At its core, Padlock is a license generation and validation engine designed to easily integrate into a wide variety of Java applications.
Step 1: KeyPair Generation
Padlock’s security is based off of using the standard public key cryptography libraries built into Java. Each KeyPair contains a public key and private key, with each serving a unique purpose. The private key is used to sign licenses, and the public key is used to verify them. With this setup, once a license is signed by the private key it cannot be modified without detection. This ensures that Padlock licenses are authentic and unmodified.
Padlock comes with three key generation methods: The great Swing based Padlock Manager, the Padlock Command Line Tools, or right in the Padlock API.

Step 2: License Generation
Padlock allows you to custom design the license and its properties to serve and protect your business logic.
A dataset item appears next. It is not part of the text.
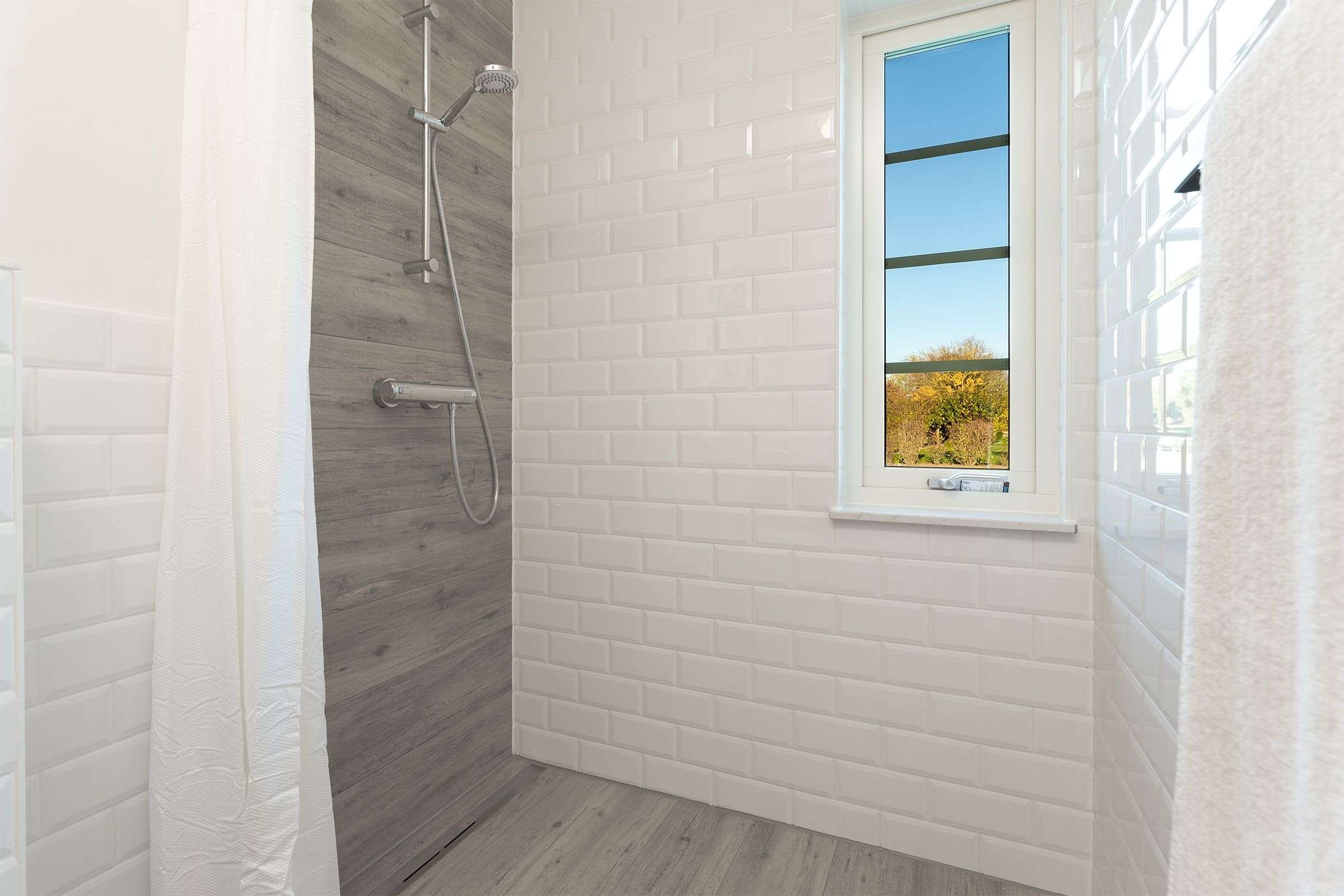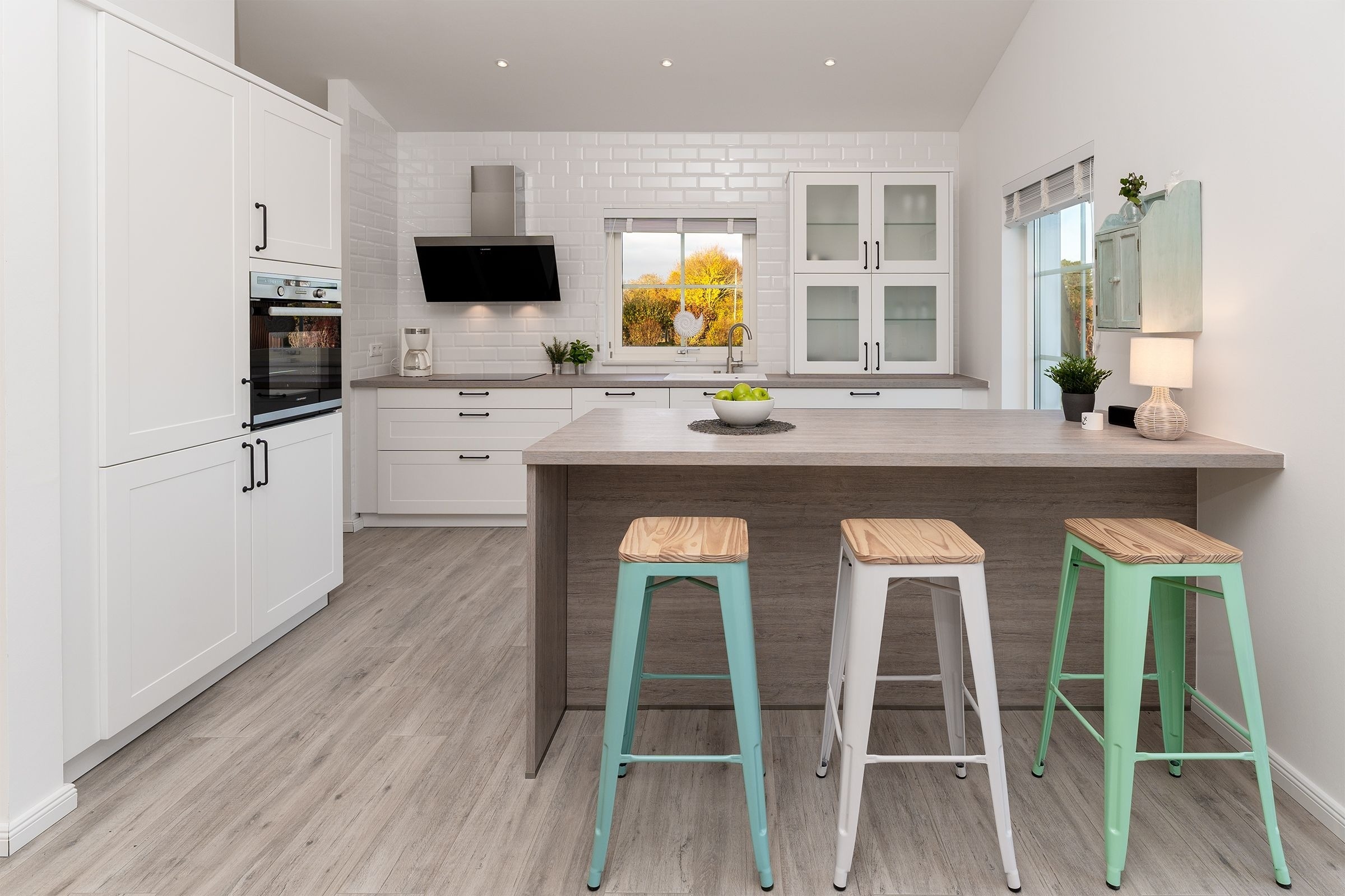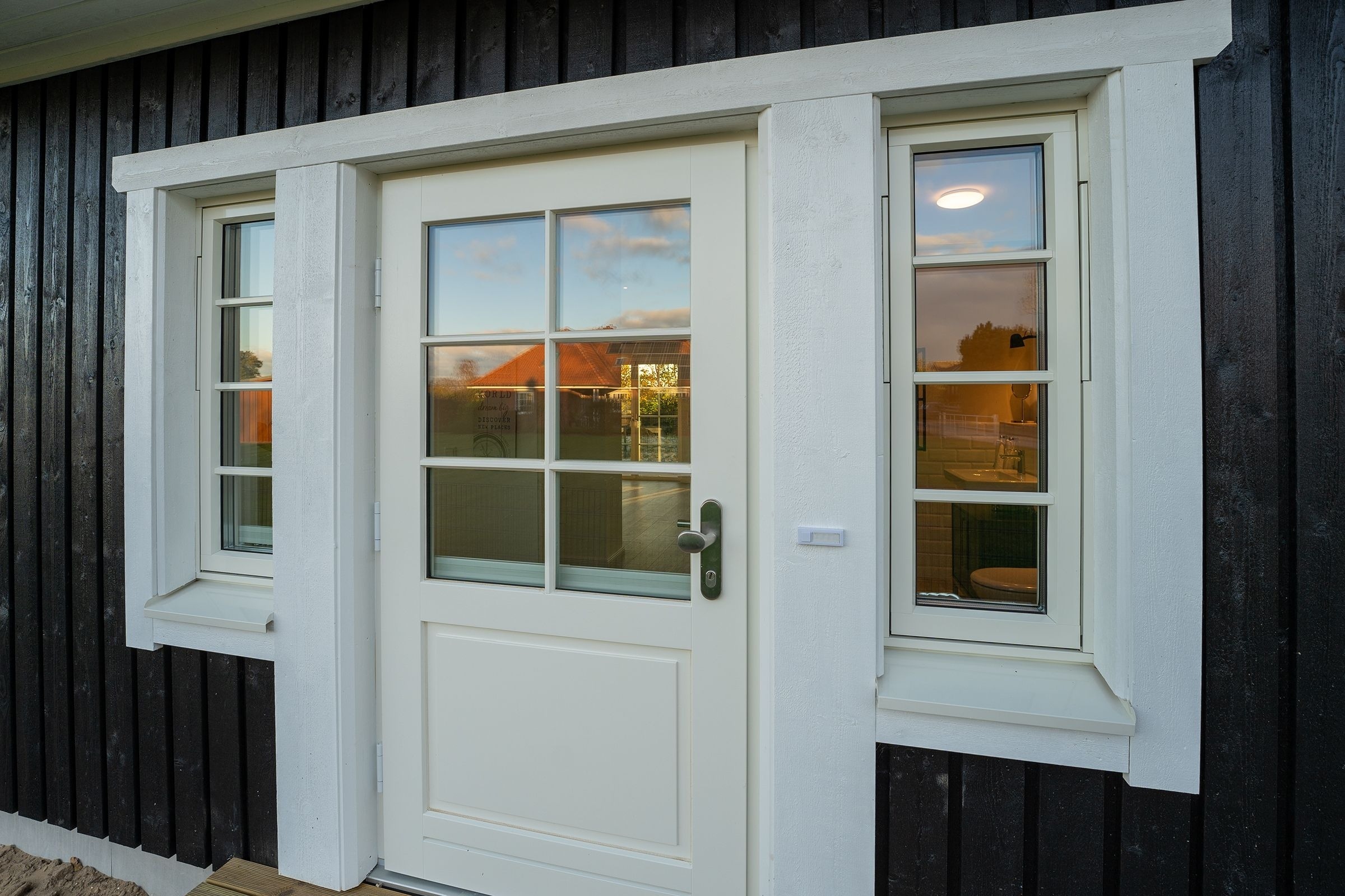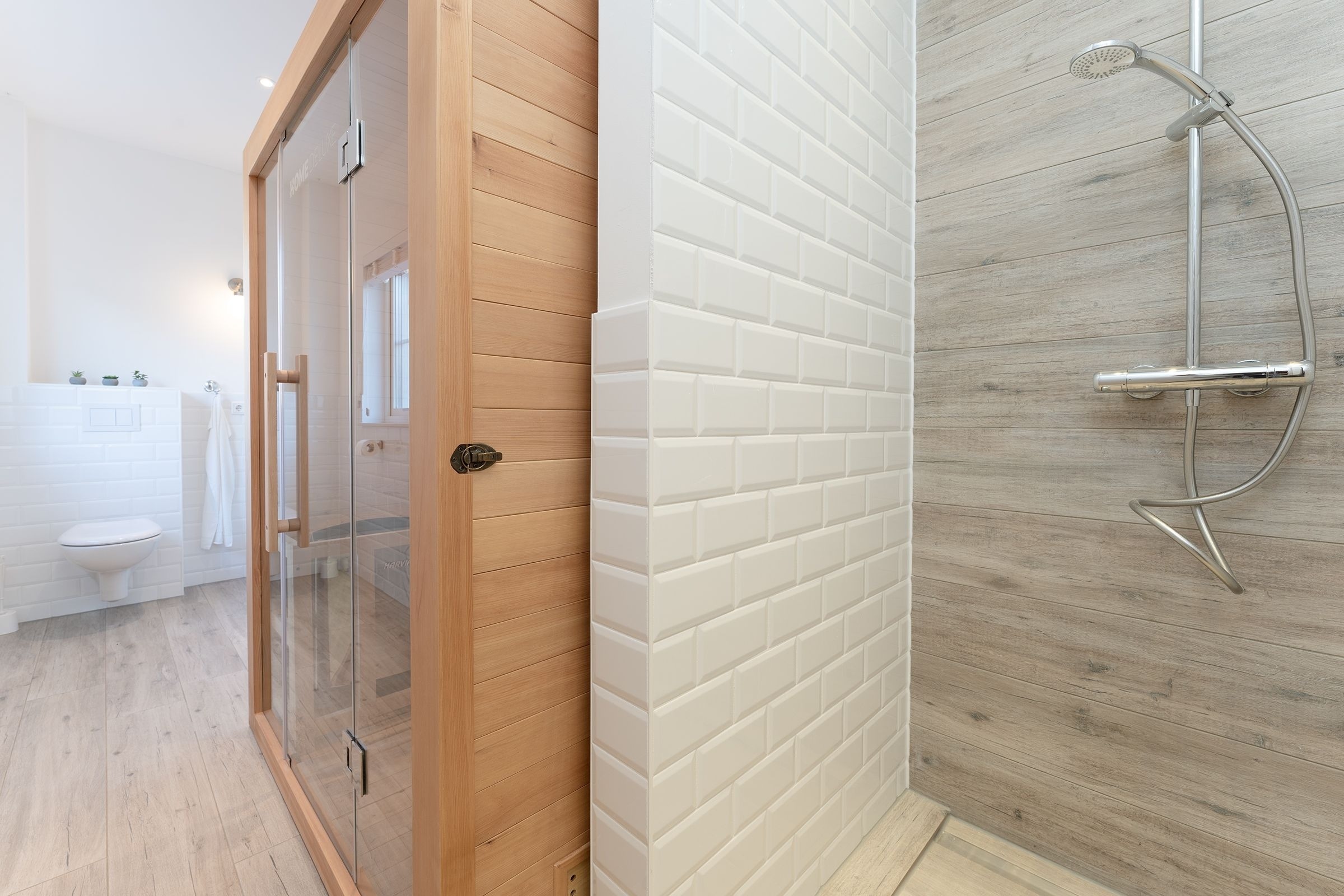 Das Ferienhaus aus Holz empfängt Sie in skandinavischem Stil mit einem offenen Wohnraum mit hoher Decke. Die geschmackvolle Einrichtung und das gemütliche Sofa laden direkt zum Entspannen ein. Während hier ein Teil der Mitreisenden auf dem Sofa das flackernde Feuer im Kaminofen beobachtet, können sich weitere Gäste in der offenen Küche mit angrenzendem Tresen auf den Urlaub einstimmen. Für die nächtliche Erholung gibt es drei Schlafzimmer, eines mit einem Boxspringdoppelbett (180x200 cm), eines mit normalem Doppelbett (140x200 cm) und eines mit einem Etagenbett (2x 80x200 cm) und eigenem TV-Gerät. Für den frischen Start in den Tag stehen zwei Tageslicht-Bäder zur Verfügung, die jeweils mit offener Dusche und Fußbodenheizung begeistern. Als besonderes Highlight gibt es eine eigene Sauna im Haus. Der Außenbereich lässt mit Süd-Ost-Terrasse, Gartenmöbeln und Sonnenliegen keine Wünsche offen. Die Terrasse ist überdacht, sodass Sie bei jeder Wetterlage die frische Luft genießen können.

Licenses can contain any number of custom parameters that cannot be modified by the end user. Easily embed items such a product identification, version information, purchase date, customer data, or anything else required by your application. Padlock Licenses also contains start and expiration dates, hardware locking, and floating expiration dates (for offering 30/60/90 day demos).
Much like the KeyPair generation, Licenses can be generated from Padlock Manager, the Command Line Tools, or programmatically via the Padlock API.

Step 3: Padlock Integration
Once the specifics of the License data has been ironed out, integrating Padlock into your Java application or library is easy. Embed the public key String into your code, import the License from a File, String, or any InputStream instance, and then create a new Padlock Validator to validate the license. Padlock will run a series of tests against the license to determine its status, and will return a set of individual test results along with a description for each.